A validator operates the software and infrastructure that keeps a Proof of Stake network running: watching for pending transactions, proposing new blocks when selected, and attesting to blocks proposed by others so the chain reaches agreement on a single, canonical history. Unlike a miner competing on raw computing power, a validator's influence is tied to the size of the stake it has locked up as a security bond.
Selection mechanisms vary by protocol. Some, like Ethereum, use a pseudo-random process weighted by effective balance, cycling validators through proposer and attester duties in fixed time slots grouped into epochs. Other chains use delegated models, where token holders vote their stake toward a smaller set of professional validator operators who run the actual nodes and share rewards back with delegators.

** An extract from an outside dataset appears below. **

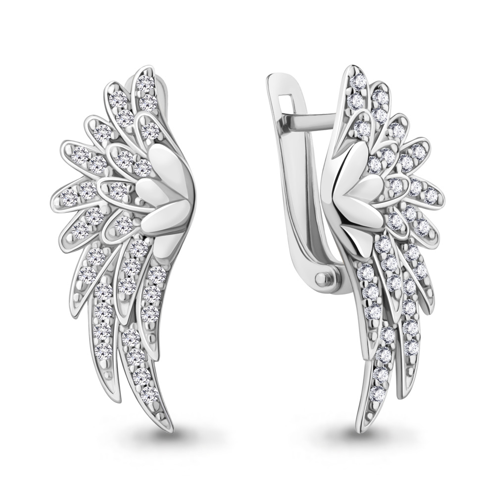 Оригинальные серьги из белого золота 585 пробы декорированы вставками с дорожками кристальных фианитов. Стильное украшение необычного дизайна с россыпью сияющих камней привлекает внимание, и станет ярким акцентом современного образа. Тип замка - английский. Приобретайте ювелирные серьги в подарок по выгодным ценам в магазинах Мир Золота.

Running an independent validator usually means meeting a minimum stake (32 ETH on Ethereum, though a 2025 protocol upgrade raised the cap a single validator can consolidate to 2,048 ETH) plus reliable hardware and near-constant uptime. Holders without enough capital or technical know-how can still take part through staking pools or liquid staking services, which combine many smaller deposits into pooled validators.
Validators earn rewards for honest, timely participation but face slashing for provable misconduct such as signing two conflicting blocks, and smaller penalties for extended downtime. Because delegators share in a validator's penalties as well as its rewards, picking a reliable, well-run validator is a risk decision, not just a yield one.